Even though the Texas Rangers put on a Fireworks Tuesday (four home runs off Meche that had more total yardage than Walter Payton), what caught my attention were a walk and an error.

Ron Polk’s system forces you to pay attention to the bases your team gives away. In the sixth, I told Steve Palermo it was amazing how often the walks and errors that scored were the margin of victory. Sure enough, a walk scored in front of the first Guerrero home run, and an E6 scored in front of the second…and the Royals lost by one.

Betancourt

In the fifth, Yuniesky Betancourt once again showed why people are so divided on him. He let a fairly routine ball roll up his arm and then, one batter later, made a spectacular leap and stabbed a line drive out of the air. It makes you wonder about focus. He’s shown he’s got the physical skill to make the plays he misses, so it makes you question the other parts of his game.

Five outstanding plays…

Five outstanding defensive plays is a record for the system, and I’ve been recording more of them lately. I don’t know if it’s catching (get it? That’s professional-grade humor), but the Royals are on a run of outstanding defensive plays.

Let’s break one down: Smoak is on second, Murphy singles to Willie Bloomquist in right. Willie charges the ball and gets off a good throw.

Jason Kendall is standing nonchalantly at home, like nothing much interesting is going to happen. This is a decoy. He told me earlier that when there’s going to be a play at the plate, he generally keeps his mask on. Some catchers like to toss it in the baseline just to give the runner one more thing to deal with, but Jason says you never know when you might need the protection, so his stays on.

Catchers generally put their left foot on the third baseline, with the toe pointed toward third. If the runner slides into the front of the leg, it’ll get knocked straight back and the shin guard will provide protection. If the catcher were to point his toe more toward the mound and the runner took out the leg from the side: no protection and a chance to have the ankle rolled and broken.

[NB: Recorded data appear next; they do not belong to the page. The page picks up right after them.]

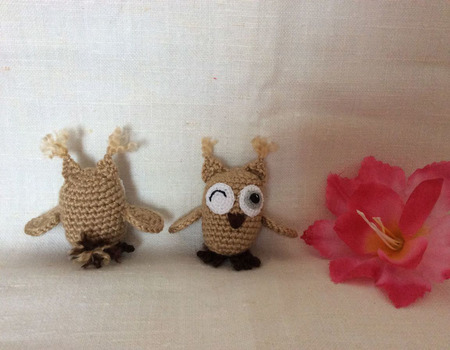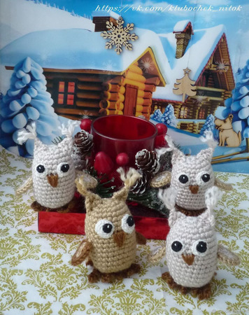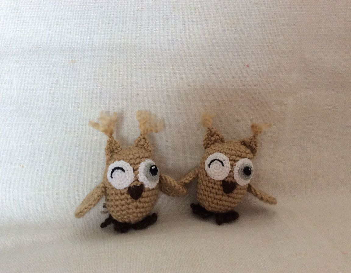 Мои совушки связаны крючком из акриловой пряжи, наполнитель холлофайбер. Рост 5-6 см. Они могут стать подвеской, их можно разместить на рабочем столе или дома.
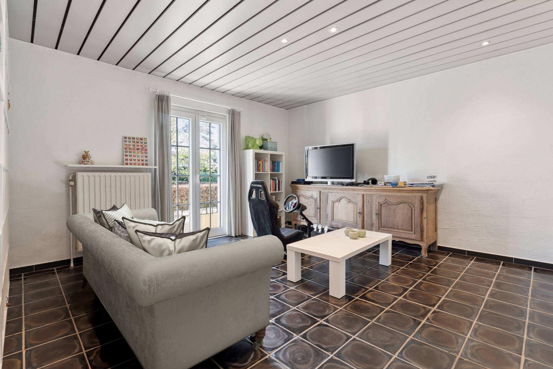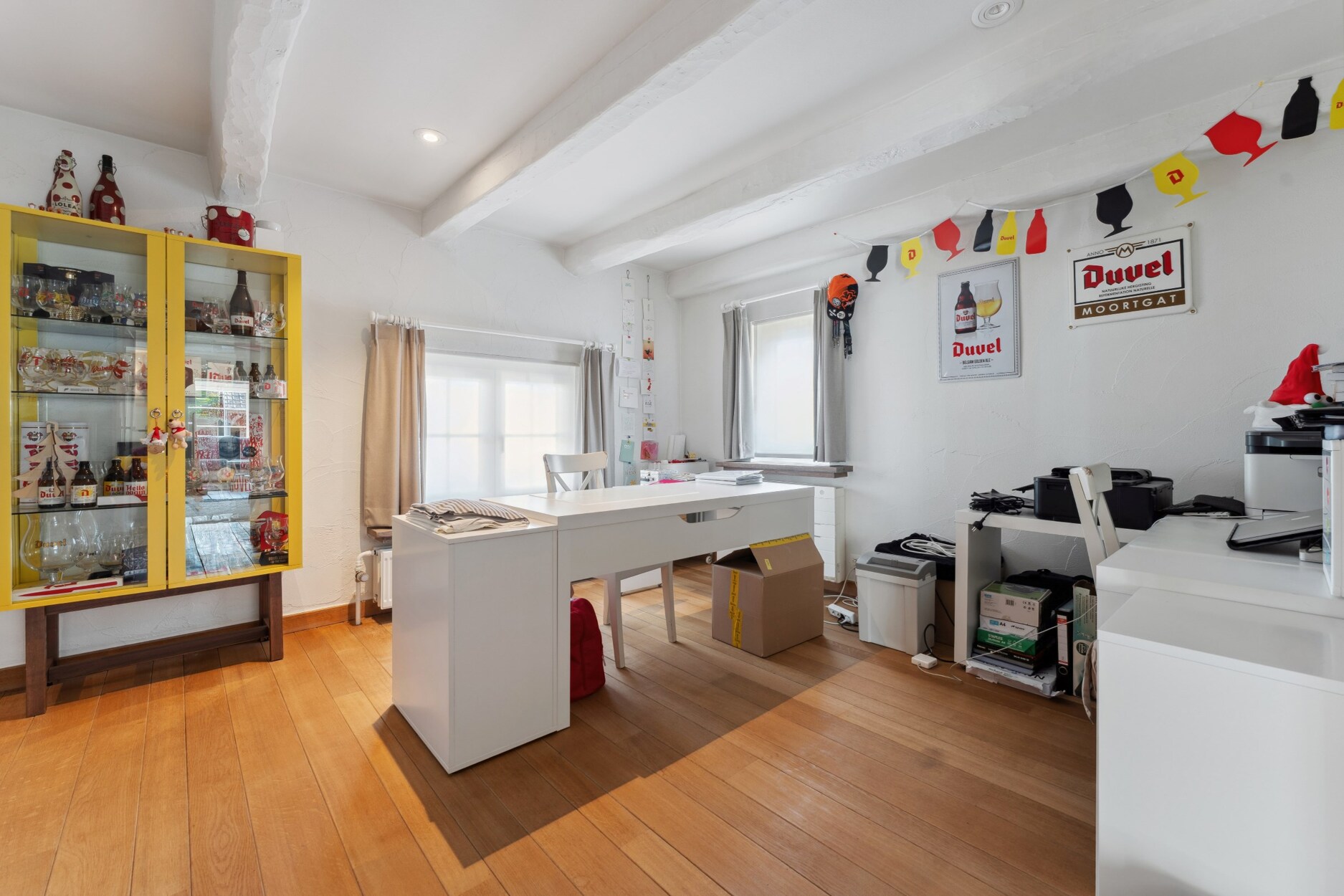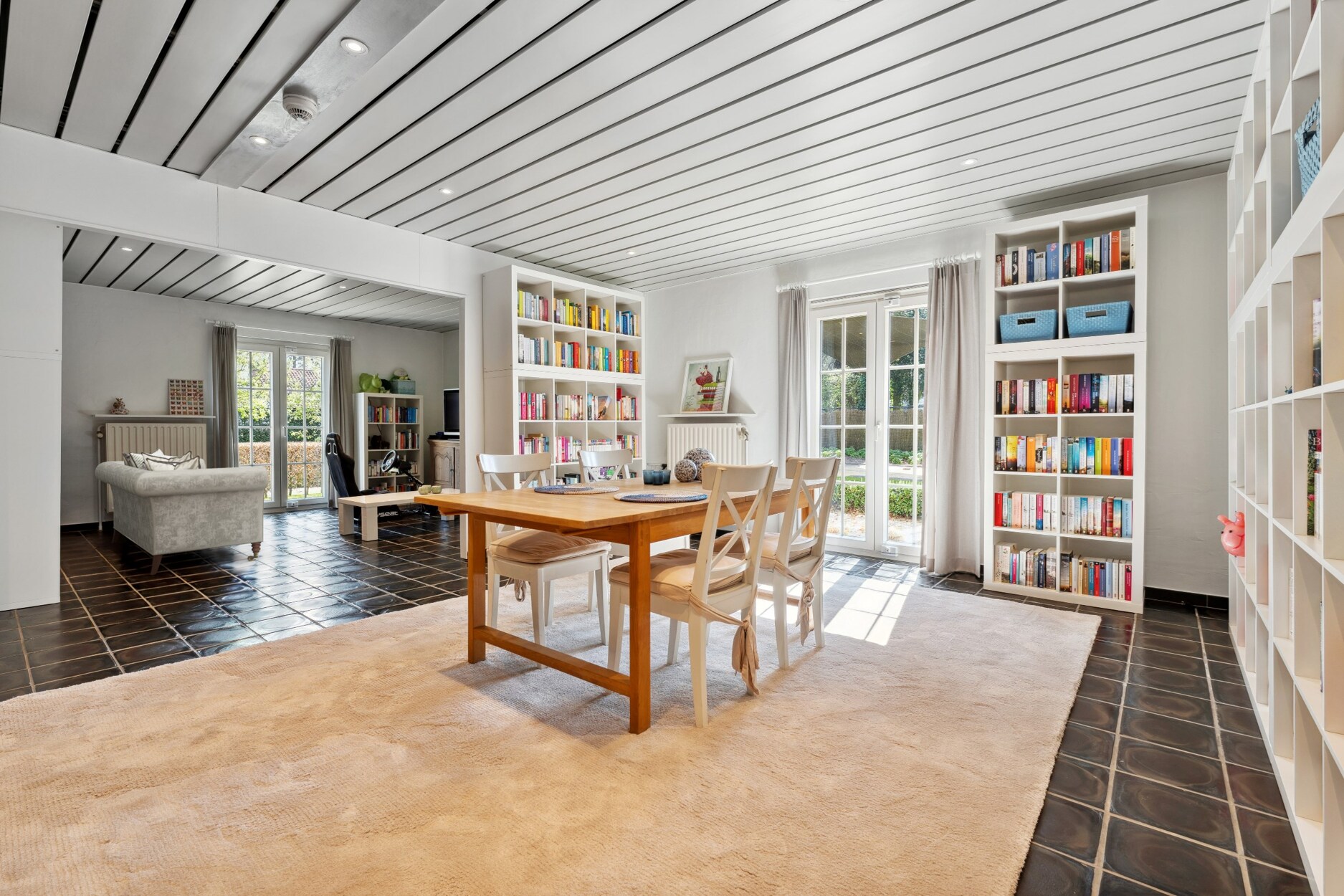 Links van de villa bevinden zich de leefruimten op parket met o.a. een gezellige zithoek met gashaard, een tweede zit/ TV- hoek met zicht op de tuin en vooraan een grote aparte ruimte - af te sluiten met een deur -, dewelke dienst kan doen als kantoor, extra TV hoek, bibliotheek. Deze ruimte is ook toegankelijk vanuit de inkomhal.
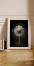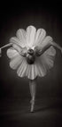 Een poëtische zwart-witfoto van een ballerina, waarbij de vorm van de tutu op een bloem lijkt. Het beeld, vastgelegd in een sierlijke pose op zijn tenen, verenigt elegantie, evenwicht en botanische symboliek in een dromerige combinatie van dans en natuur.
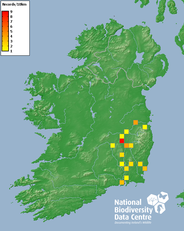 Distribution of the number of records recorded within each 10km grid square (ITM).Marine Map - 50km
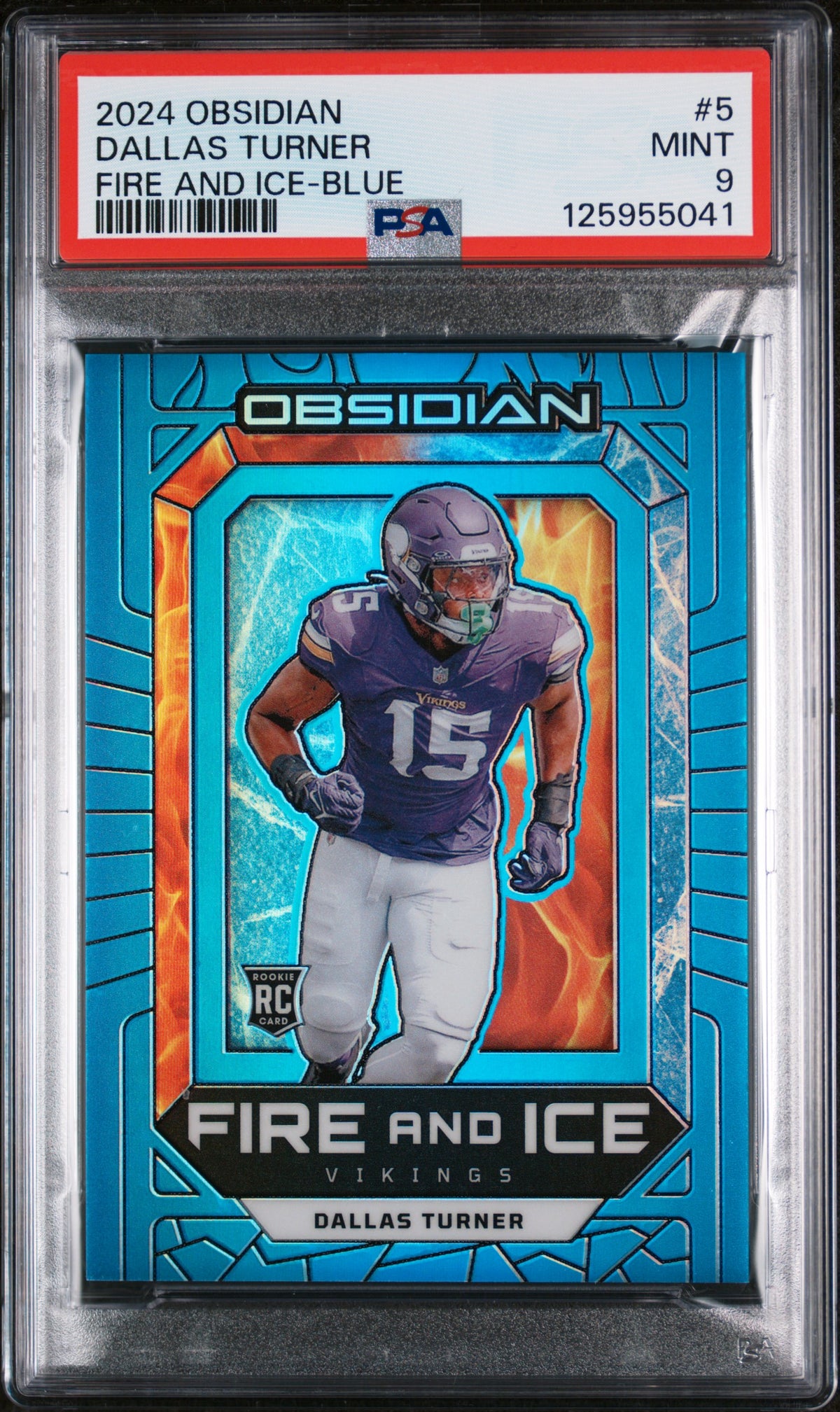 Step into the world of sports memorabilia with this pristine Dallas Turner Panini Obsidian rookie card from 2024 - a must-have for any serious collector. This card comes from the Fire and Ice insert set, making it a special find. Its fiery spirit and icy cool demeanor perfectly mirror Dallas Turner's own dynamic on-field presence. Manufactured by the renowned Panini company, this card is part of the Obsidian collection, a brand known for its high-quality products and unique aesthetics. The card is a stunning Blue Parallel edition, further enhancing its appeal. Even more exciting, it is serial numbered 03/25, making it a rare and valuable addition to your collection. This card commemorates Dallas Turner's rookie year with the NFL Vikings, capturing the essence of his early career, and is a fantastic way to celebrate his contributions to the team and the sport. Adding to its value, this card has been professionally graded by the PSA - the industry's leading grading company. With a numeric grade of 9, it falls into the 'Mint' condition category, indicating it has been well-preserved with only minor flaws. The card does not include any memorabilia, but its rarity, excellent condition, and connection to Dallas Turner make it a highly desirable piece nonetheless. This 2024 Obsidian #5 Dallas Turner card is not just a piece of sports memorabilia - it is a piece of sporting history ready to be added to your collection. The key features of this card include its rookie status, the Fire and Ice Blue design, the Serial No. 03/25, its PSA Mint 9 condition, its association with the NFL Vikings, and its place in the 2024 Panini Obsidian set. In conclusion, this Dallas Turner rookie card is a spectacular blend of sports history and collector's item appeal. It's a prime example of Panini's dedication to quality and attention to detail, making it a fantastic addition to any sports card collection. Don't miss out on owning this piece of Dallas Turner's legacy!
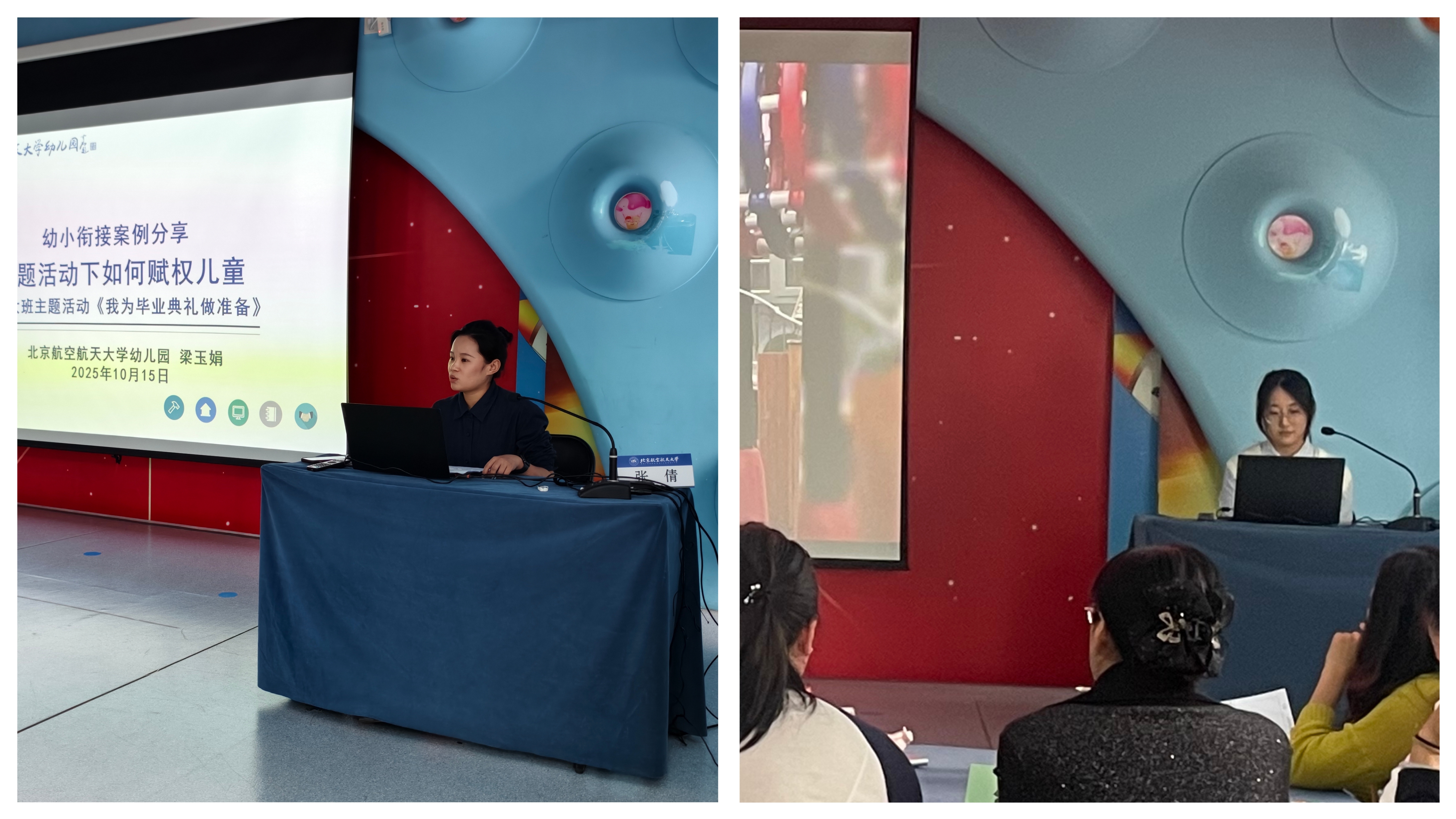 随后以园所三个实践案例,启发中阳县幼儿园管理者和骨干教师,重视自主游戏下教师的及时反思和经验梳理。荣获海淀区幼小衔接案例征集一等奖的梁玉娟老师用以“难忘的毕业典礼”案例,传递了主题活动下如何赋权幼儿的核心教育理念,以此阐释了开展主题活动同样能够赋权幼儿,倾听、走进儿童的理念。荣获北京市新教师风采展示一等奖的胡燕茹老师以“苹果蜂窝运沙包”的实践案例,证明儿童本身就是充满智慧、勇气与创造力的个体,他们无需被“塑造”,只需被“看见”。教育者要看见他们在游戏中展现的学习品质,看见他们解决问题的独特思路,看见每一个幼儿看似平凡的举动背后闪耀的成长光芒。荣获北京市幼儿园教师基本功展示活动一等奖的周彦清老师的大班游戏案例“登上高处玩游戏”也在现场进行了分享。案例中阐述的“适时退后”与“精准介入”的教育智慧,是园所教育过程充分倾听幼儿、赋权教师的生动缩影。其“慢教育”理念与“小我向大我”的转变,彰显了新时代幼教工作者从“教书”到“育人”的价值升华。
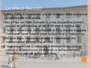 Galileo Galilei, nato nel 1564, è considerato uno dei fondatori della rivoluzione scientifica del XVII secolo grazie al suo metodo sperimentale, che ha innovato l'approccio all'indagine scientifica. Questo metodo si basa sull'osservazione, misurazione e replicabilità degli esperimenti, confermando o rivedendo le ipotesi formulate. La sua rivoluzione ha superato le idee aristoteliche, promuovendo un'analisi della natura attraverso misurazioni e esperimenti piuttosto che solo ragionamenti astratti.
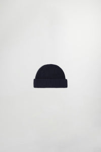 Ribbed beanie crafted in a half cardigan stitch certified wool yarn and complete with a double fold up.
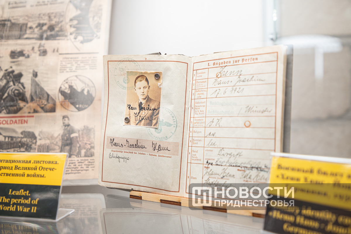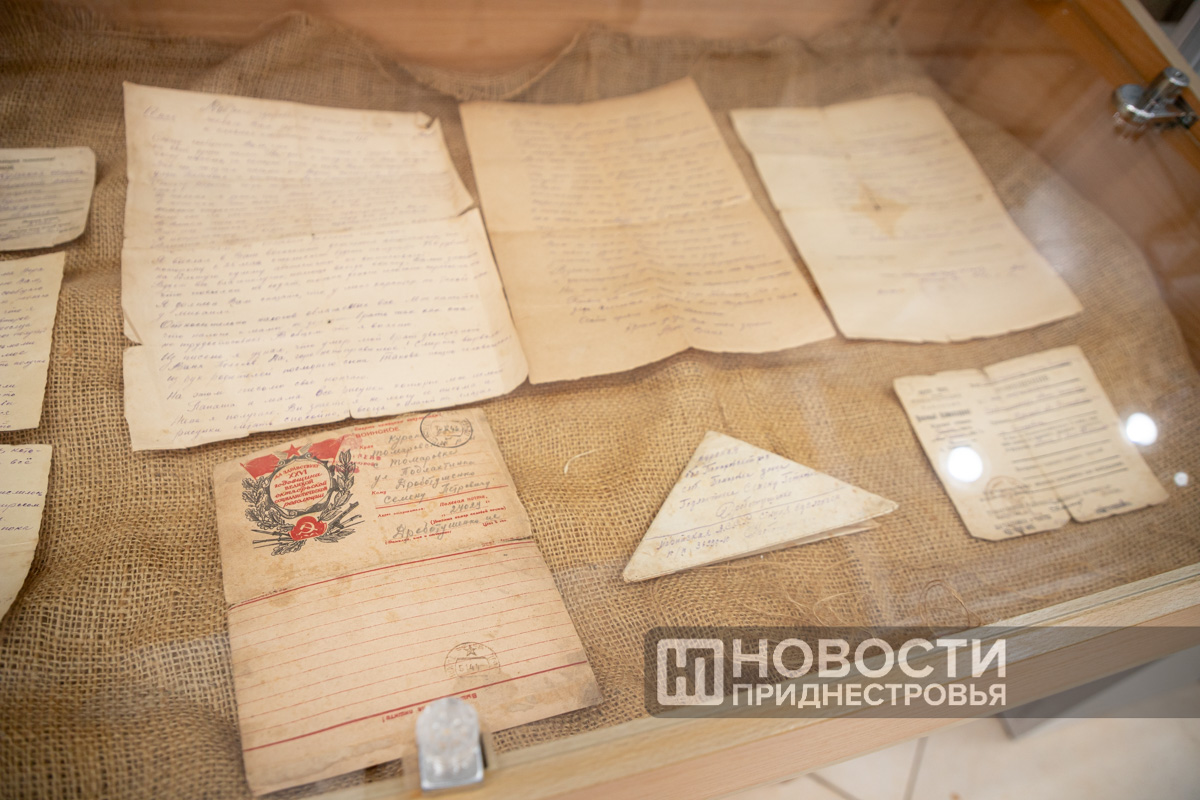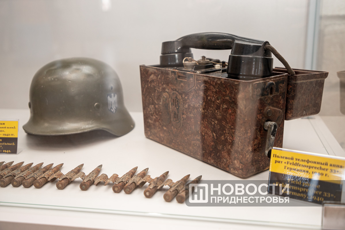 Остальные витрины посвящены участникам Великой Отечественной войны. Одна демонстрирует вещи и документы солдат и офицеров Красной армии, вторая – немецких и румынских войск. Большинство экспонатов нашли в окрестностях Бендер, Слободзейском и Григориопольском районах. Многие экспонаты относятся к периоду освобождения края, как, например, табличка в честь рядового Истратенко.

Putting the foot on the line also splits the plate in half and sets up the play: the catcher is taking the front half and receiving the ball, the runner gets the back half and has a place to slide. The catcher tries to receive the ball, and then collapses back toward the back half and the runner. Jason does that perfectly and blocks Smoak off the plate, saving a run.

Hurdle humor…

“So they let you in here with that little paper press pass?” I haven’t seen Clint Hurdle in two years and this is how he greets me. (Real reporters have laminated plastic press passes; itinerant day workers get paper.)

Well, what should I expect from a guy who once told a 78-year-old fantasy camper he shouldn’t have bought a new glove because he’d never get it broken in? Baseball humor is brutally honest and personal, so naturally, I dig it.

Once you get attacked like that, you have to decide how to respond: a return insult, blow for blow, Western style? As in, “That’s rich coming from a hitting coach who has managed to get Guerrero’s strike zone down to whatever area code he’s currently in.”

Or do you flow with your opponent’s force, use judo-humor, Eastern style? I went all David Carradine on him and used one of the best jiu-jitsu moves ever: whenever you get accused of something, admit to something worse. As in, “Have I been drinking? Whew, for a second there I was afraid you were going to ask me about the cocaine and hookers!”

(See? The drinking issue has magically disappeared.)

After I not only admitted that the best I could do was a paper media pass, but the regular reporters made me sit at a little table, like it was Thanksgiving and I was 9 years old, Clint gave up the attack. We caught up on each other’s activities and families, a warm and sentimental reunion…and then his hitters went out and put dents in the Hall of Fame, a sign in the visitor’s bullpen and I believe a ’93 Toyota Camry in one of the parking lots.